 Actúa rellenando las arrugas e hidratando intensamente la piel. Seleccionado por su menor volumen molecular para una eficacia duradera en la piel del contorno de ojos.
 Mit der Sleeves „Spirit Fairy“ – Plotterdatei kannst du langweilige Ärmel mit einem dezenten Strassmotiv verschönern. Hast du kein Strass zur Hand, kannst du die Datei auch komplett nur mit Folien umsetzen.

---

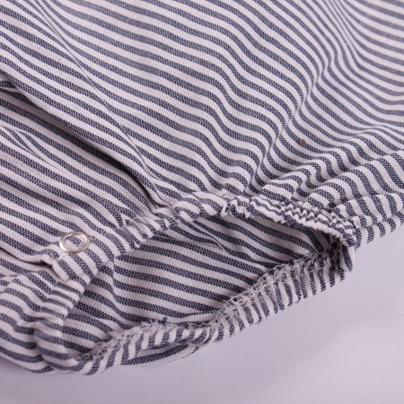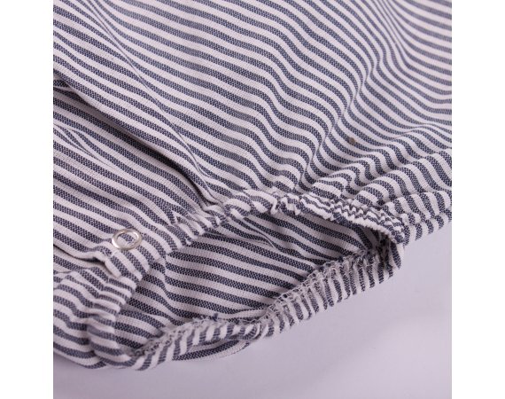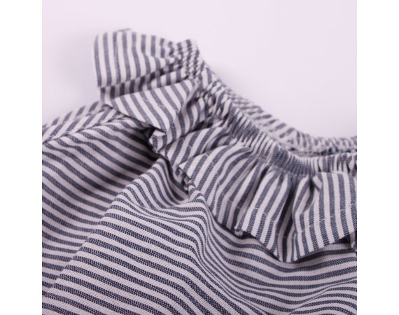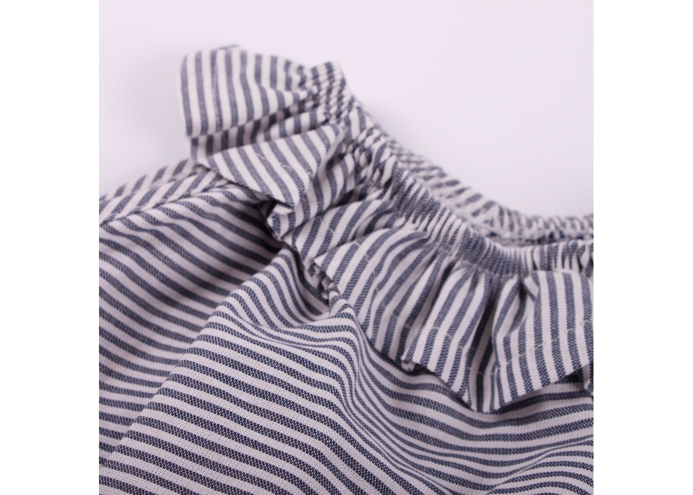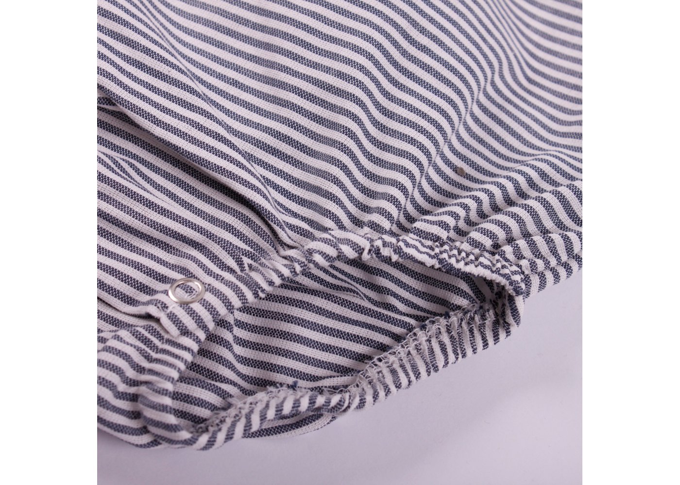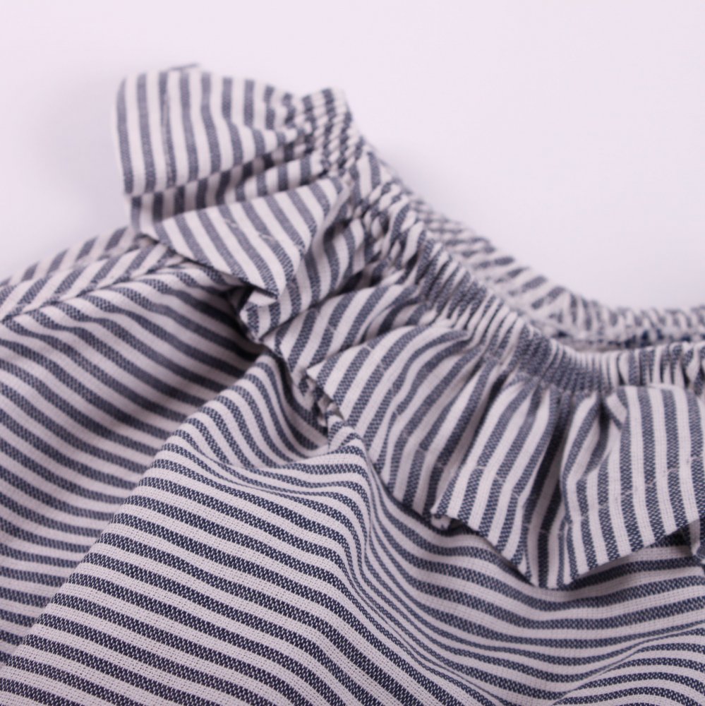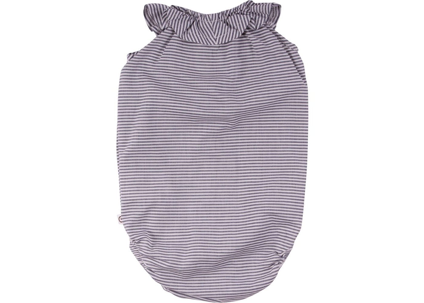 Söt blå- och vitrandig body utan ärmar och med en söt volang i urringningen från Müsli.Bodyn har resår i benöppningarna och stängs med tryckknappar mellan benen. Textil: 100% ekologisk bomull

*Your objective*. Give an exact copy of the lines above from the line with "Actúa rellenando las" up to and including the line with "Mit der Sleeves", and leave everything else out.

*Exercise solution*.
 Actúa rellenando las arrugas e hidratando intensamente la piel. Seleccionado por su menor volumen molecular para una eficacia duradera en la piel del contorno de ojos.
 Mit der Sleeves „Spirit Fairy“ – Plotterdatei kannst du langweilige Ärmel mit einem dezenten Strassmotiv verschönern. Hast du kein Strass zur Hand, kannst du die Datei auch komplett nur mit Folien umsetzen.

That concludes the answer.